With more than 32% of the global energy used by commercial and residential buildings, there is an urgent need to revisit traditional approaches to Building Energy Management (BEM). With HVAC systems accounting for about 40% of the total energy cost in the commercial sector, we propose a low-complexity DRL-based model with multi-input multi-output architecture for the HVAC energy optimization of open-plan offices, which uses only a handful of controllable and accessible factors.
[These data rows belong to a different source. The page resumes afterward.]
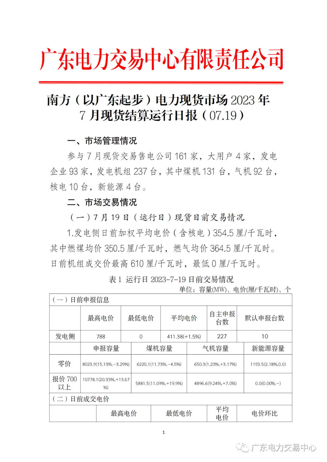 2023年7月19日南方(以廣東起步)電力現(xiàn)貨市場結(jié)算運行日報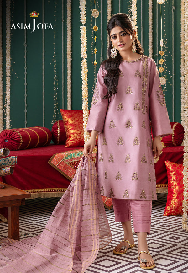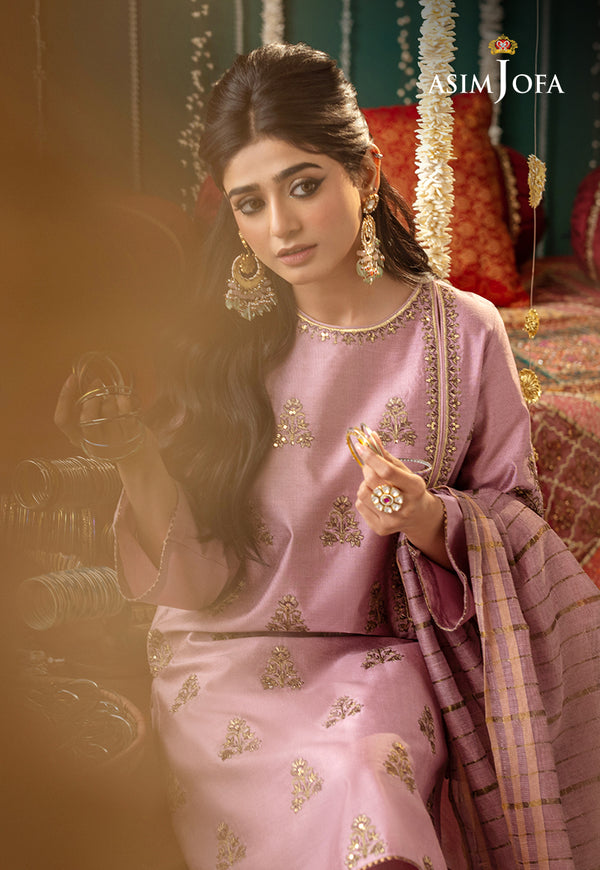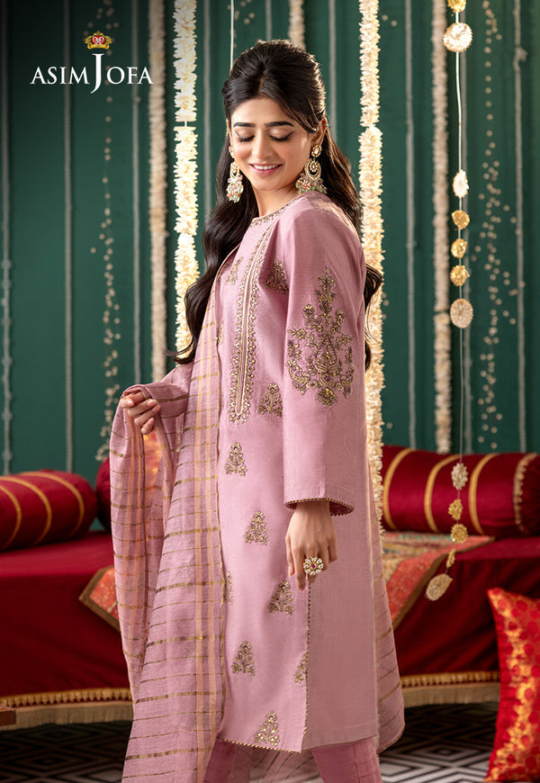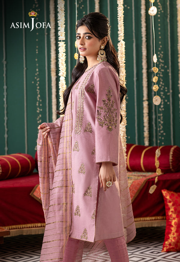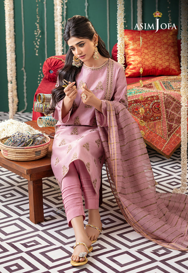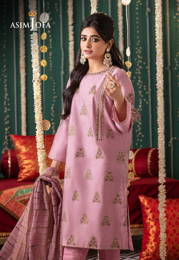 This tea pink 3-piece ensemble features repeated gold-embroidered dupatta, paired with a striped trouser and matching shirt border.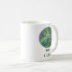 O texto facilmente personalizado figura nesta caneca de café que é embelezada em ambos os lados com um trabalho de arte circular pastel que representa três trevos folheados ou xamrochas em verde macio sobre fundo roxo mudo. O shamrock é um motivo perfeito para a Rua. Dia de Patrick.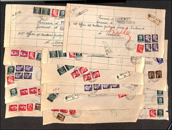 LUOGOTENEZA - 1945 - 13 pieghi raccomandati da Barberino Val D'Elsa a Brescia con affrancature (4.80 lire) multiple miste del periodo - interessante insieme - da esaminare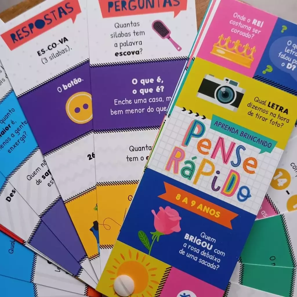 "Explore o emocionante jogo Pense Rápido 8 a 9 anos, repleto de perguntas estimulantes e ilustrações envolventes para idades a partir de 8 anos. Desafie o cérebro, promova o desenvolvimento cognitivo e divirta-se enquanto aprende. Ideal para interação em família, adultos podem participar lendo as perguntas.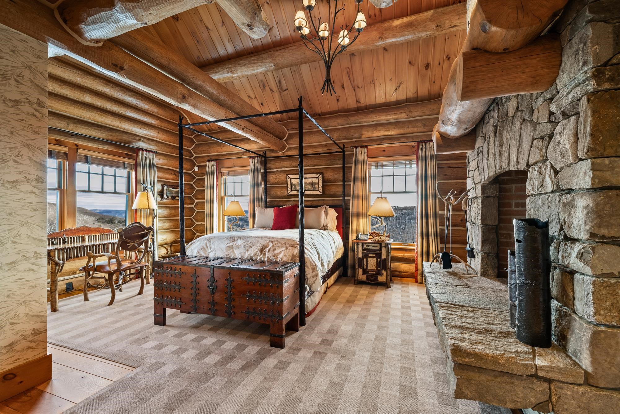 - Bar, Cathedral Ceiling, Cedar Closet, Wood Fireplace, 3+ Fireplaces, Kitchen Island, Primary BR w/ BA, Natural Woodwork, Security, Soaking Tub, Indoor Storage, Vaulted Ceiling, Walk-in Closet, Wet Bar, Whirlpool Tub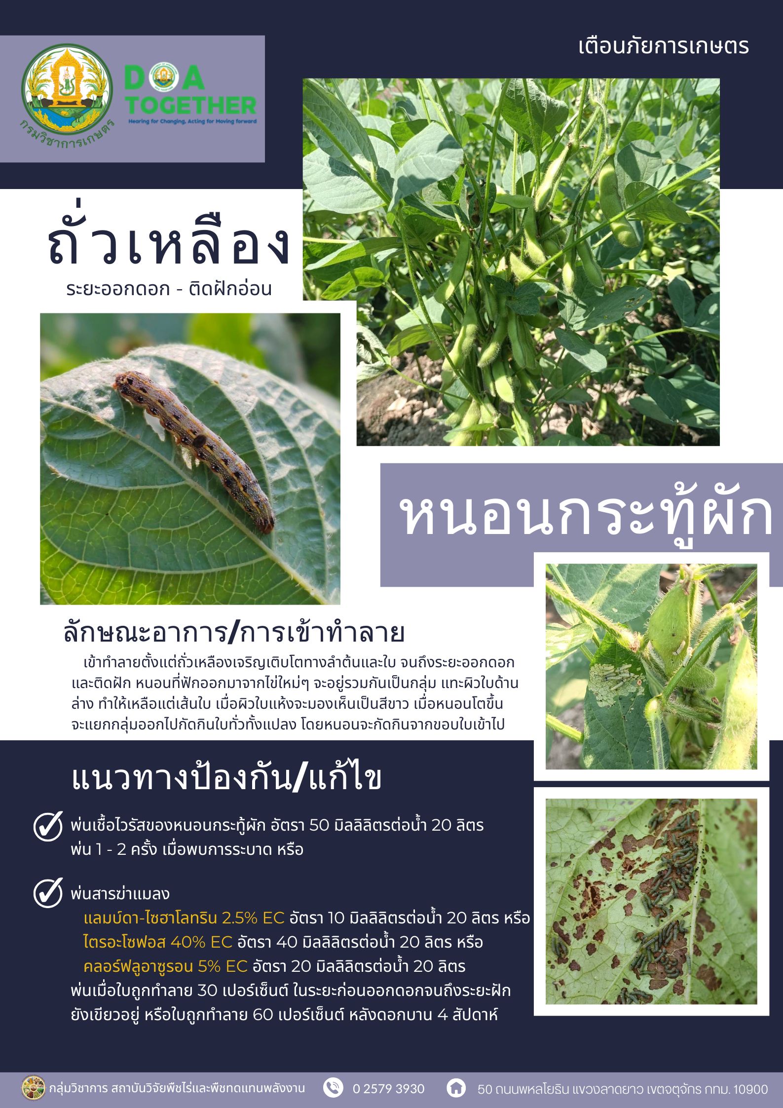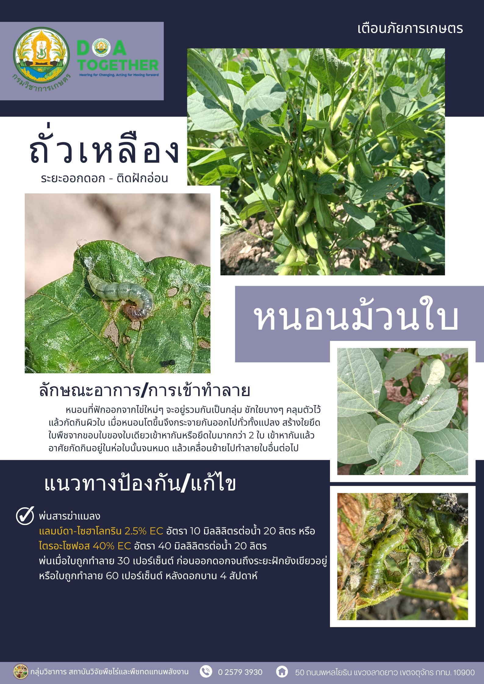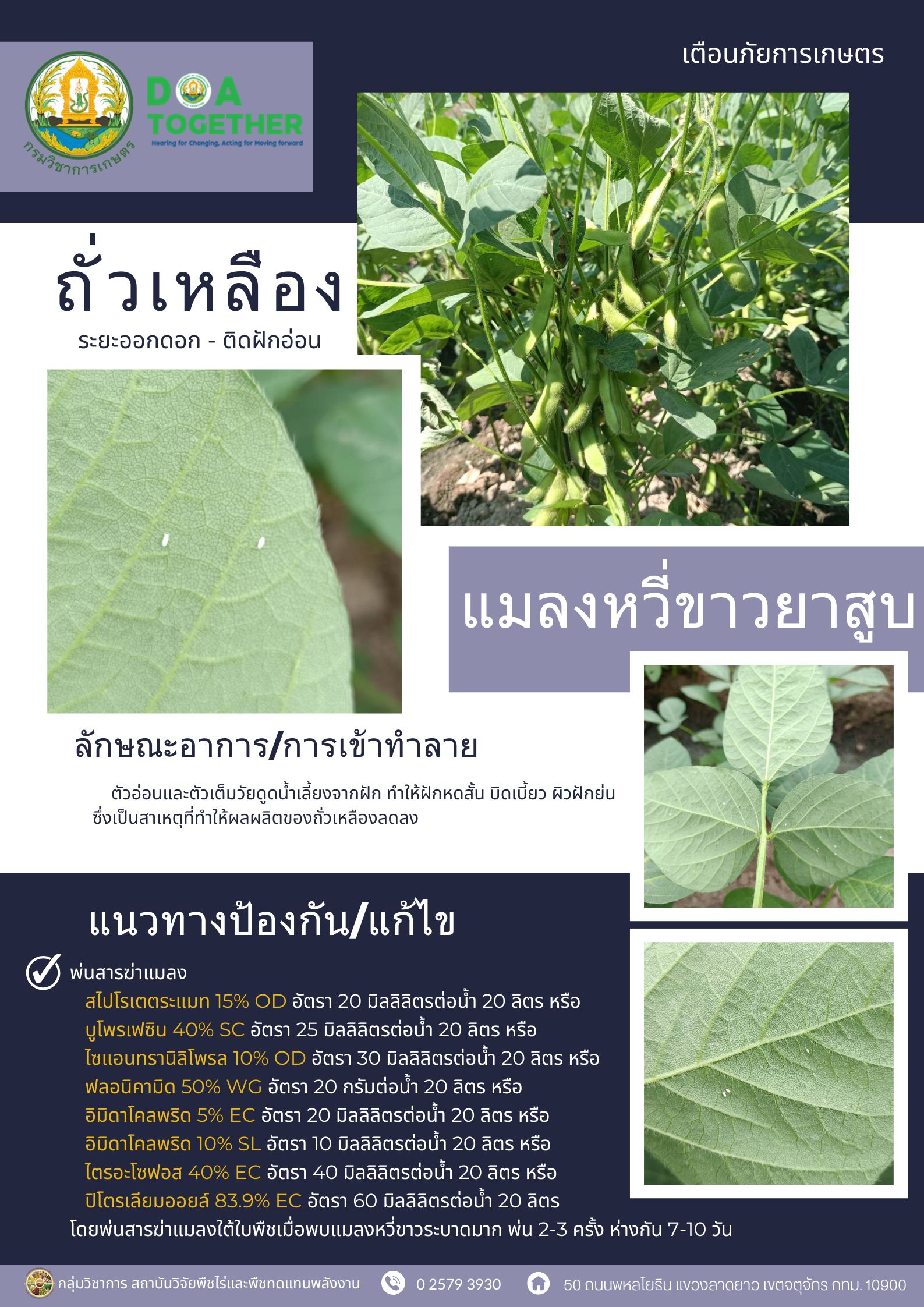 เตือนภัยพืช เตือนภัยการเกษตร เกษตรกรผู้ปลูกถั่วเหลืองในระยะออกดอก-ติดฝักอ่อน ให้ระวังการเข้าทำลายของแมลงศัตรูพืช ได้แก่ หนอนกระทู้ผัก หนอนม้วนใบ แมลงหวี่ขาวยาสูบ มวนถั่วเหลือง และหนอนเจาะฝักถั่ว ให้หมั่นสำรวจแปลงปลูกอย่างสม่ำเสมอ หากเริ่มพบแมลงศัตรูหรือลักษณะอาการ การเข้าทำลาย ให้รีบทำการป้องกันกำจัดตามคำแนะนำ เพื่อไม่ให้ส่งผลกระทบต่อผลผลิตถั่วเหลือง 04/03/2026 admin
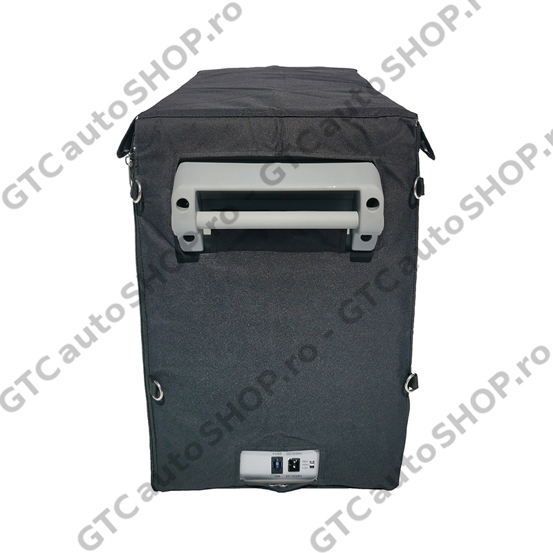 Frigiderul are incluse husa de protectie termica si cos interior cu manere pentru transferul produselor din frigider!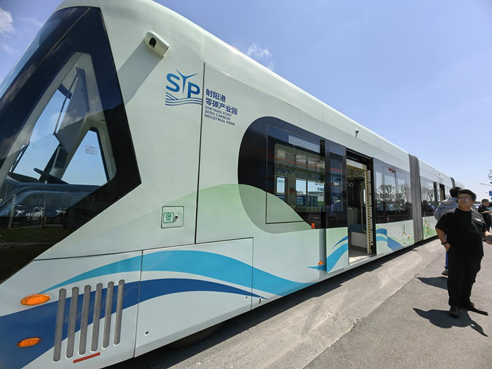 碧海藍(lán)天,迎風(fēng)而行的是零碳巴士,車頂光伏、綠點(diǎn)充能、電池儲能等方式讓車輛平穩(wěn)行駛,而車載的各類傳感器識別路面虛擬軌道線路,精準(zhǔn)控制列車行駛在既定“虛擬軌道”上,實(shí)行智能化運(yùn)行。
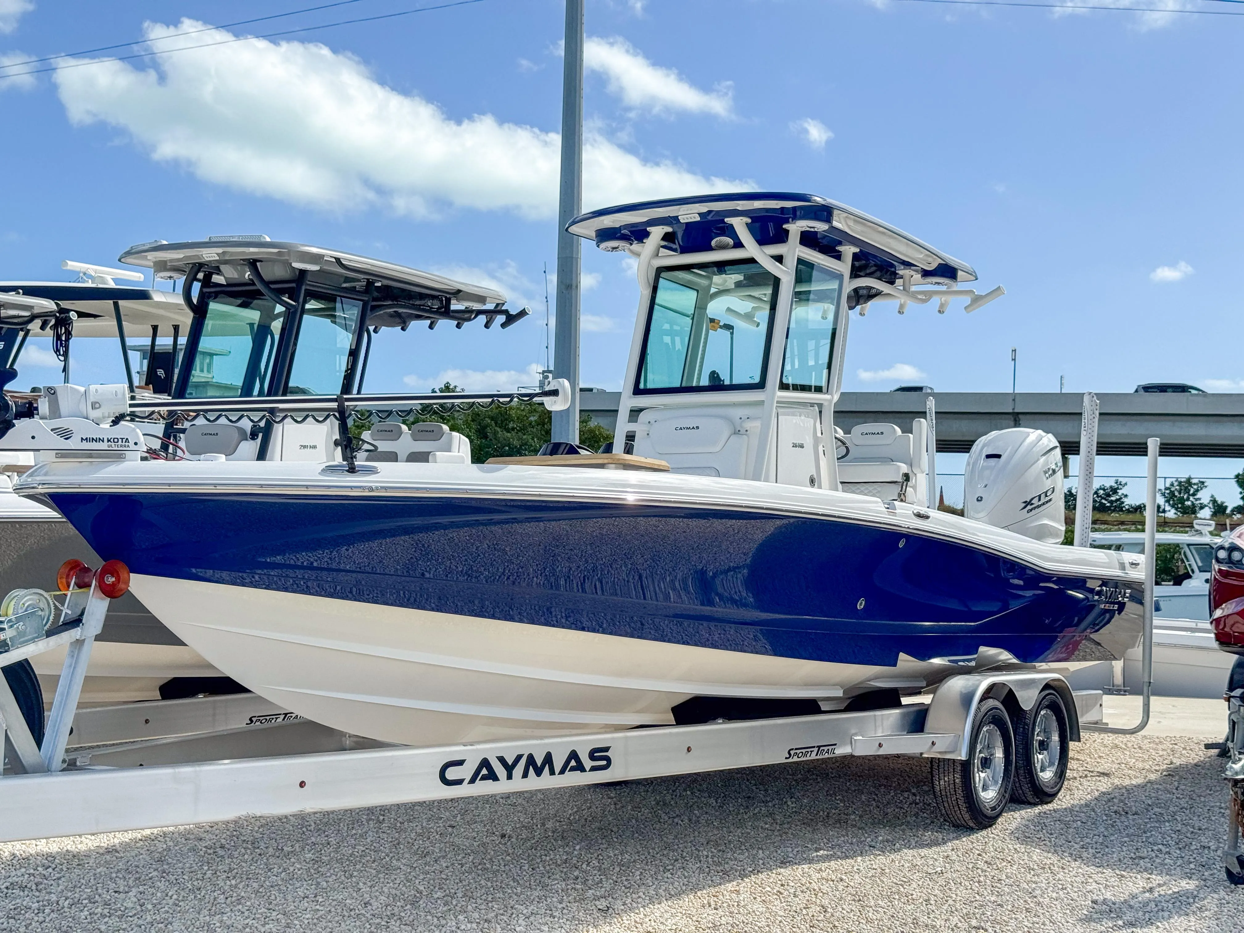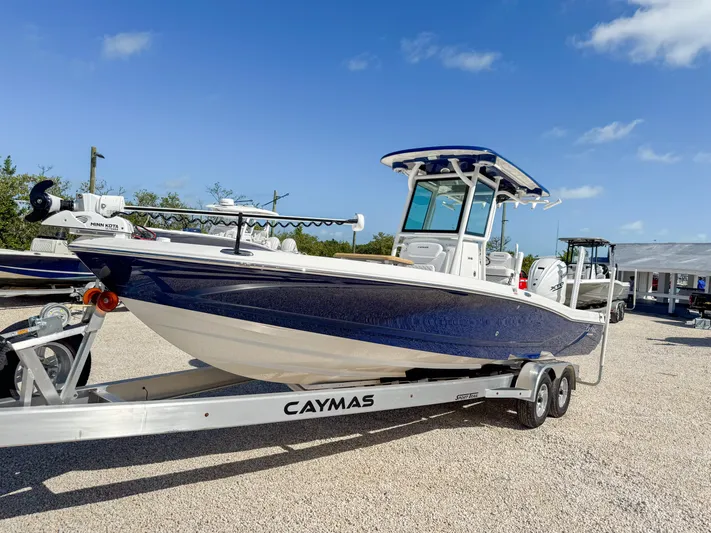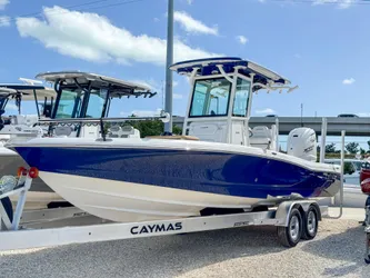 The 2024 Caymas 28HB is a hybrid bay boat that combines pro-level fishability, distinctive contemporary styling, and family-focused comfort. It features a patented Michael Peters Stepped-Vee Ventilated Tunnel Hull that delivers speed, fuel efficiency, and a precise and dry ride. The boat has a spacious nonskid casting deck, massive built-in storage compartments, 35-gallon aerated livewells and baitwell, backlit console display, and cushioned seating at bow and stern. This Caymas 28HB is equipped with the new Yamaha XF450 which is the highest amount of power available for this boat.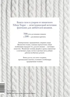 ОписаниеКнига схем и узоров от японского Nihon Vogue — неисчерпаемый источник фантазии для любителей вязания. 700 схем для вязания спицами и 300 — для вязания крючком. Универсальные, традиционные, ажурные узоры. Множество техник, сложные переплетения, новые комбинации порадуют тех, для кого вязание — настоящее искусство. Мозаичные мотивы, ферайл и араны, извилистые и лиственные узоры, клетка и цветные косы добавят работам необычных деталей. Книга для тех, кто хочет создавать оригинальные полотна, усложняя и комбинируя традиционные техники.Книга схем и узоров от японского Nihon Vogue — неисчерпаемый источник фантазии для любителей вязания. 700 схем для вязания спицами и 300 — для вязания крючком. Универсальные, традиционные, ажурные узоры. Множество техник, сложные переплетения, новые комбинации порадуют тех, для кого вязание — настоящее искусство. Мозаичные мотивы, ферайл и араны, извилистые и лиственные узоры, клетка и цветные косы добавят работам необычных деталей. Книга для тех, кто хочет создавать оригинальные полотна, усложняя и комбинируя традиционные техники.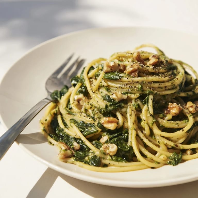 Save Standing in my kitchen on a rainy Tuesday, I watched the blender turn a handful of spinach and walnuts into something that looked like liquid emerald. The first time I made this sauce, I was honestly skeptical—could a handful of nuts and greens really replace my beloved Alfredo? One spoonful later, I was converting skeptics left and right. My husband took a bite, eyes wide, and asked if this was actually healthy. That's the beauty of this dish—it feels indulgent while being entirely plant-based.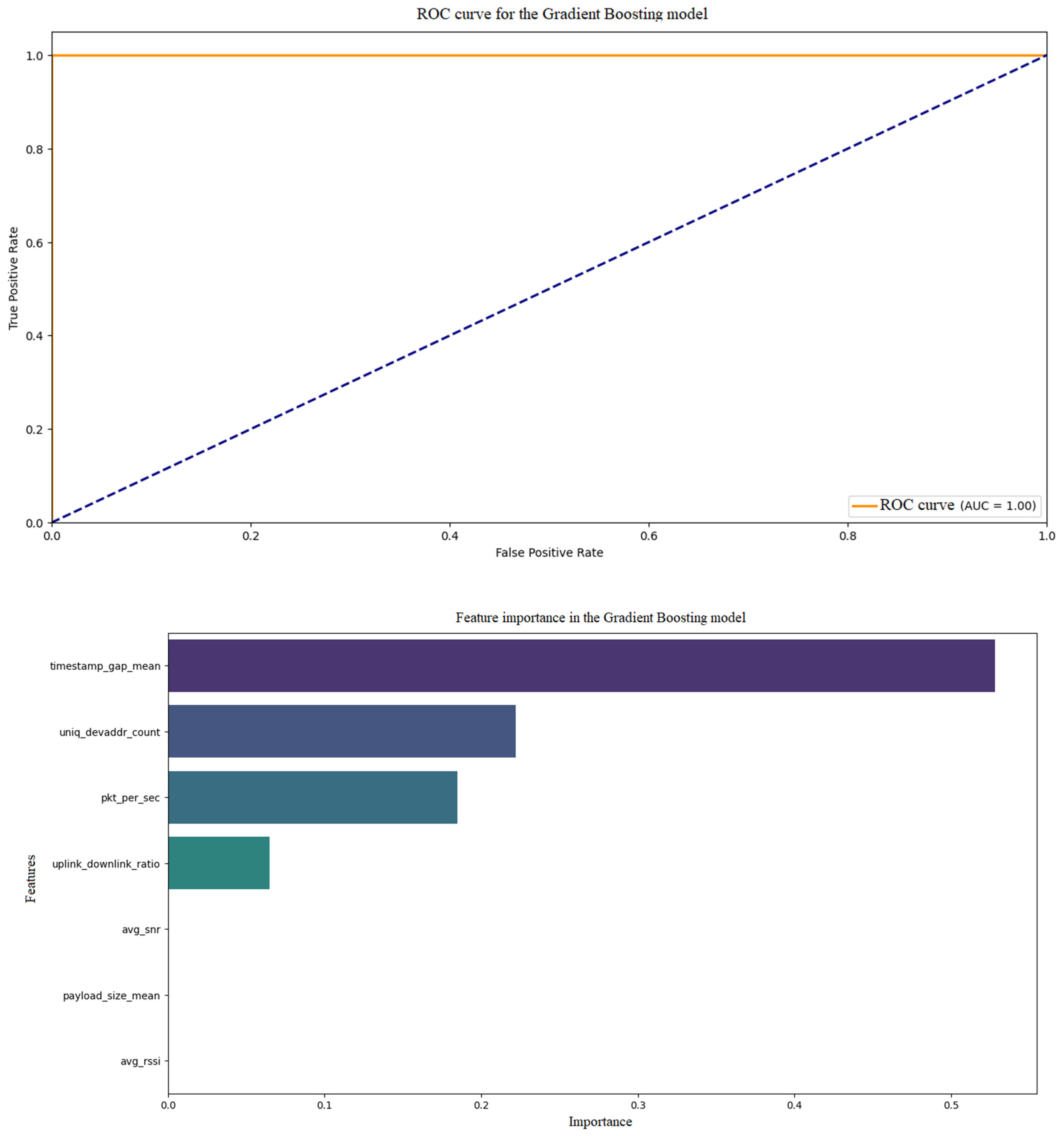 Figure 10, traits such as ‘pkt_per_sec’ and ‘uniq_devaddr_count’ dominate (e.g., 40% and 30% importance), confirming their key role in DDoS identification. The Gradient Boosting model does well, with high sensitivity and specificity of the data, and the key features are as expected (high traffic and number of sources).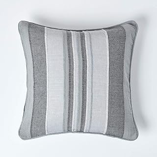 HOMESCAPES Housse de Coussin à Rayures Morocco Gris, Housse de Coussin 45x45 cm

The efficacy of our solution is evaluated through extensive analysis of the overall energy consumption and thermal comfort levels compared to a baseline system based on the existing HVAC schedule in a real building. This comparison shows that our method achieves 37% savings in energy consumption with minimum violation (<1%) of the desired temperature range during work hours. It takes only a total of 40 minutes for 5 epochs (about 7.75 minutes per epoch) to train a network with superior performance and covering diverse conditions for its low-complexity architecture; therefore, it easily adapts to changes in the building setups, weather conditions, occupancy rate, etc. Moreover, by enforcing smoothness on the control strategy, we suppress the frequent and unpleasant on/off transitions on HVAC units to avoid occupant discomfort and potential damage to the system. The generalizability of our model is verified by applying it to different building models and under various weather conditions.